Suppose $f:U \subseteq \mathbb{R}^2 \rightarrow \mathbb{R}$ is continous and $$(x^2+y^4)f(x,y)+(f(x,y))^3=1 \: \text{for all} \: (x,y) \in U. $$ Prove $f$ is $C^\infty$.
This kind of exercise is new to me and I don't really have any idea how to derive that the derivative exist infinitely and it's continous.
The answers really are in the comments to the main question, and are due to Martin Blas Perez and Michael Hoppe. Hence this post is CW.

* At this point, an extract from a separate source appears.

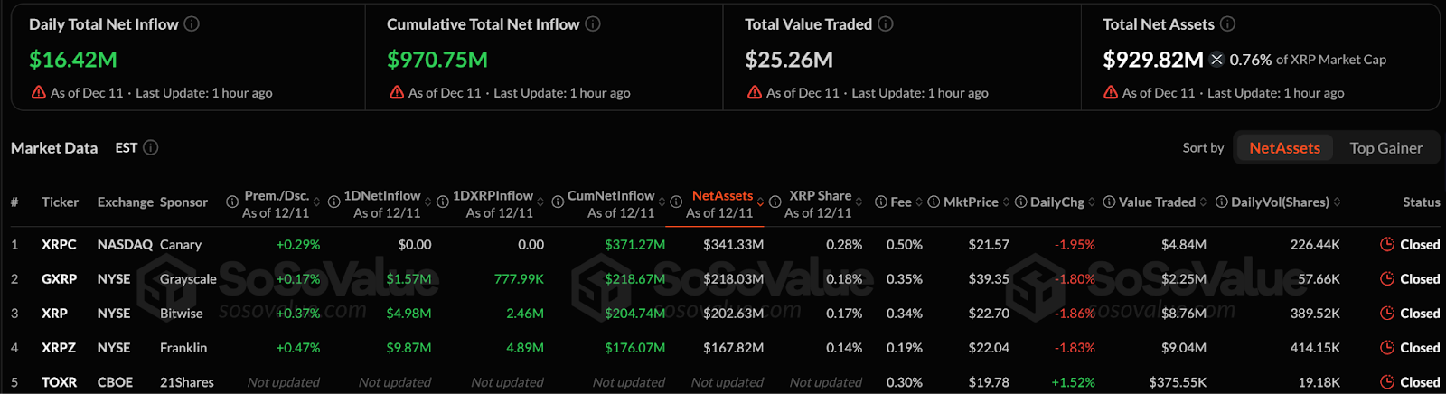XRP ETF在上市之后表现出较强的资金吸引力,自上市以来累计净流入约9.7亿美元,所有XRP基金合计管理资产超过9.29亿美元,自11月13日上线以来连续多个交易日录得资金净流入,近11个交易日累计流入约$756百万美元。

The function $z=f(x, y)$ satisfies the equation $$ (x^2+y^4)z+z^3=1, $$ so it can never vanish. In particular, by the implicit function theorem, $f$ must be $C^1$ and $$ \begin{array}{cc} \frac{\partial z}{\partial x} = -\frac{2xz}{x^2+y^4+3z^2}, & \frac{\partial z}{\partial y} =-\frac{4y^3z}{x^2+y^4+3z^2}, \end{array} $$ and we remark that the denominators can never vanish. By iterating this process we see that $f$ is infinitely differentiable.
Actually, Micheal even computed an explicit expression for $z$. See his comment to the main question, which I hope he turns into an answer. From that expression it is manifest that $z$ is smooth.